Pass default for hail expressions in function

I’m working on a function that accepts hail expressions for some of the parameters:

def filter_to_clinvar_pathogenic(
    t: Union[hl.MatrixTable, hl.Table],
    clnrevstat_expr: hl.ArrayExpression, 
    clnsig_expr: hl.ArrayExpression, 
    clnsigconf_expr: hl.ArrayExpression,
    remove_no_assertion: bool = True,
    remove_conflicting: bool = True,
)

Is it possible to pass in default values for hail expression variables ex: clnsig_expr: hl.ArrayExpression = default_ht.clnsig_expr? We weren’t sure about how hail expressions might behave.

There’s a github discussion thread that explains what we’re interested in doing in more detail here: https://github.com/broadinstitute/gnomad_methods/pull/257#discussion_r546100414

Where does default_ht come from here? Are all of these expressions supposed to be fields of t, or are they from different tables?

I believe the default_ht should be t in the example above and the expressions should be fields of t. We have discussed making the defaults the field string instead of the expression, i.e. t['clnrevstat'] in place of clnrevstat_expr but we are not certain if that will impact the downstream evaluation, lazy vs. repeated. Are there advantages to using the expression here vs the actual field? Thank you.

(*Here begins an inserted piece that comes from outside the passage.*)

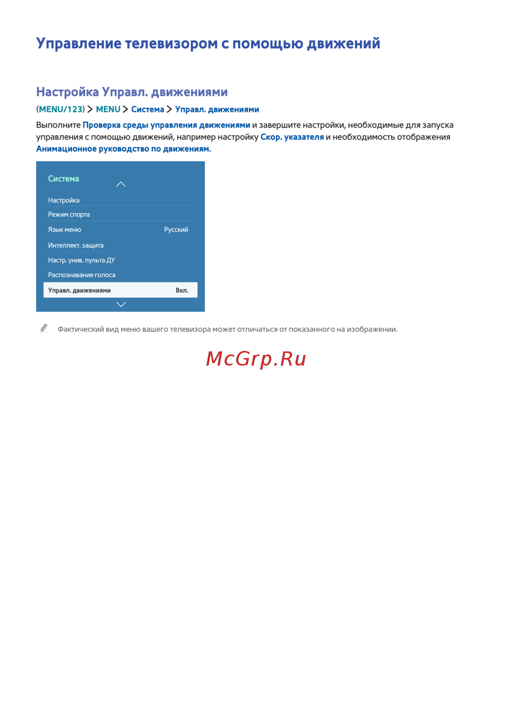 - При использовании функции управления движениями избегайте воздействия прямых солнечных лучей p.175

So I think depending on the interface you have some options:

  1. You can just have all the arguments be strings, look them up in the table with t['clnrevstat'] the way you described. That’s not any less performant than passing in t.clnrevstat. The nice part about this method is that it’s easy to specify the defaults, and it’s impossible to pass in multiple expressions from different tables by accident.

  2. You can accept a mix of expressions and strings, with the defaults specified as strings. In this scenario, you’ll have to check the type of each argument, converting all strings to expressions with the square bracket syntax.

  3. You take in expressions, and you let the default arguments be None. Then you check each argument to see if it’s None, and if it is you look up the field of the table you want to be the default with the . syntax or the [] syntax.

For 2 and 3, if you expect all the fields to be from the same table, you’ll probably want some assertions to check that.